• **Task prompt**
The answer should be the lines from the one with "1. 실업자로 신청을 할 경우 고용 24에 구직등록이 되어있어야 합니다." through the final line of the entries, restated word for word.

Start of Excerpted data

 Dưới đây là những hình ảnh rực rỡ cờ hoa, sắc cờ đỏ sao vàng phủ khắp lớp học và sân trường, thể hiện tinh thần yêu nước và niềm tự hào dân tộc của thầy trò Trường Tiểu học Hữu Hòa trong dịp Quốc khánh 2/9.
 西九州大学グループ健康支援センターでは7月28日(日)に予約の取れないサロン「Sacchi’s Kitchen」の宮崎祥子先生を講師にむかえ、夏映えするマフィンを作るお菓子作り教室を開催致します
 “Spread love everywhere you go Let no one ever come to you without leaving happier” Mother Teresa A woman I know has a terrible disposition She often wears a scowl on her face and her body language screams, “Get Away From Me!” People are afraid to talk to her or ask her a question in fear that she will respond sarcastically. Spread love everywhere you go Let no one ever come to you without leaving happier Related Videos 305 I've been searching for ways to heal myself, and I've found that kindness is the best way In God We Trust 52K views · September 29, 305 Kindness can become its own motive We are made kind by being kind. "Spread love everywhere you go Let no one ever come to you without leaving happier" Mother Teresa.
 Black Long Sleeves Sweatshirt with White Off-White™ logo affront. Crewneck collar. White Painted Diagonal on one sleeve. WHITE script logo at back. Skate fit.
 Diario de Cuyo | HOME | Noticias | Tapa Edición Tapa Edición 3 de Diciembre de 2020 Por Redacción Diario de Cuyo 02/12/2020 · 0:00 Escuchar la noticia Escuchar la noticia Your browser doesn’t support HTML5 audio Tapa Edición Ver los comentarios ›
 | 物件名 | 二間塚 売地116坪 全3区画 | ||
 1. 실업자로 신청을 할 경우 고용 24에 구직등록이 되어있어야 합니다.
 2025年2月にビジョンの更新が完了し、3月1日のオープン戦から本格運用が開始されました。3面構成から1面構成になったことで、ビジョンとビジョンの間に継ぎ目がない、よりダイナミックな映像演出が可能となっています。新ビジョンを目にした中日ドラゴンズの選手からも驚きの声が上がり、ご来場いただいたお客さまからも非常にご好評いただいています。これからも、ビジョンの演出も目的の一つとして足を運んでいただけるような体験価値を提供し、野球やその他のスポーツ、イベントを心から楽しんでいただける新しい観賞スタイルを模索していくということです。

End of Excerpted data

• **Answer to this task**
 1. 실업자로 신청을 할 경우 고용 24에 구직등록이 되어있어야 합니다.
 2025年2月にビジョンの更新が完了し、3月1日のオープン戦から本格運用が開始されました。3面構成から1面構成になったことで、ビジョンとビジョンの間に継ぎ目がない、よりダイナミックな映像演出が可能となっています。新ビジョンを目にした中日ドラゴンズの選手からも驚きの声が上がり、ご来場いただいたお客さまからも非常にご好評いただいています。これからも、ビジョンの演出も目的の一つとして足を運んでいただけるような体験価値を提供し、野球やその他のスポーツ、イベントを心から楽しんでいただける新しい観賞スタイルを模索していくということです。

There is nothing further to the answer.